This is the thirteenth part of my short story "A Flat", please, would you proofread it.
Ivan had served three years of his sentence before being pardoned by the court. When he arrived home, after kissing and hugging his wife and his children, he strode towards the portrait of the Great Leader hanging on the wall. He unhooked the photograph, spat at it and tore it before opening the fire box and throwing it inside, where the Great Leader sizzled and crackled, consumed by flames. He felt instant relief. He had waited so many years to avenge himself at least indirectly on the Great Manipulator.
His children gazed at him in astonishment and Jelena glanced fearfully at the window in case someone had seen this unimaginable act. The regime could have forgiven a killing of another person, violence or even a bank robbery, but destroying the picture of the Great Leader was an unforgivable sin and a person who committed it would not only spend years in prison, but inevitably receive such a beating which he would be remembering the rest of his life.
Ivan mostly kept silence about his prison experiences. To his wife and his landlords, the old couple, who came to drink coffee with him, he told that inmates were treated correctly and nobody was ever been beaten by the warders.

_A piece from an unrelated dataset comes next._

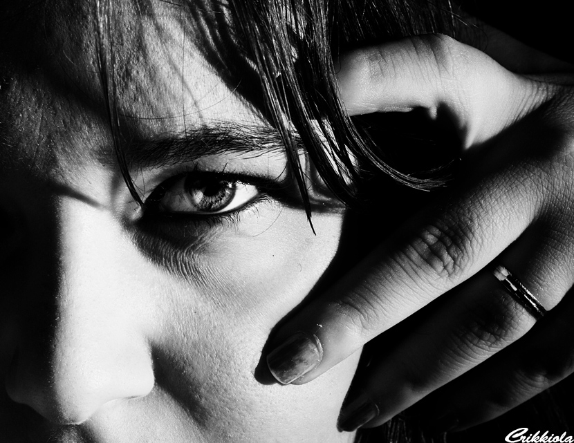 mi piace tanto, Crikkiola ! un b/n intenso come l'espressione, ed uno sguardo che sembra bucare lo schermo per passare dall'altra parte. Bella !

However, as soon as he was alone, the picture from the prison flooded his brain: the dark sad eyes of the young, beautiful inmate who was raped repeatedly by his fellow prisoners who behaved like animals, political prisoners savagely beaten by criminals, men meeting their family members with the shackles on their feet, a warder hitting an older man just because he was bored on that day...
These were the memories one kept inside oneself, hoping that they would be erased by the flow of time, which unfortunately seldom happened.
When he walked through the street of his neighbourhood, Ivan noticed how people withdrew from him, as if he were suffering from a contagious disease.
In the city centre, when he met his former workmates they would shake hands, tell him that they were in hurry and disappear in the crowd, glancing nervously around as if afraid that someone would follow them. Ivan had not hated them or believed there were cowards.
They were cautious because they knew that one day everything could be used against them, a greeting, a handshake or a few minutes of friendly chat could become highly dangerous. As he strolled the streets, asking himself what to do next, his eyes would sweep the faces of passersby and he would ask himself how many of them were secret agent on duty, looking for the enemies of the Party and the Socialist Revolution. They must have been hundreds of thousands...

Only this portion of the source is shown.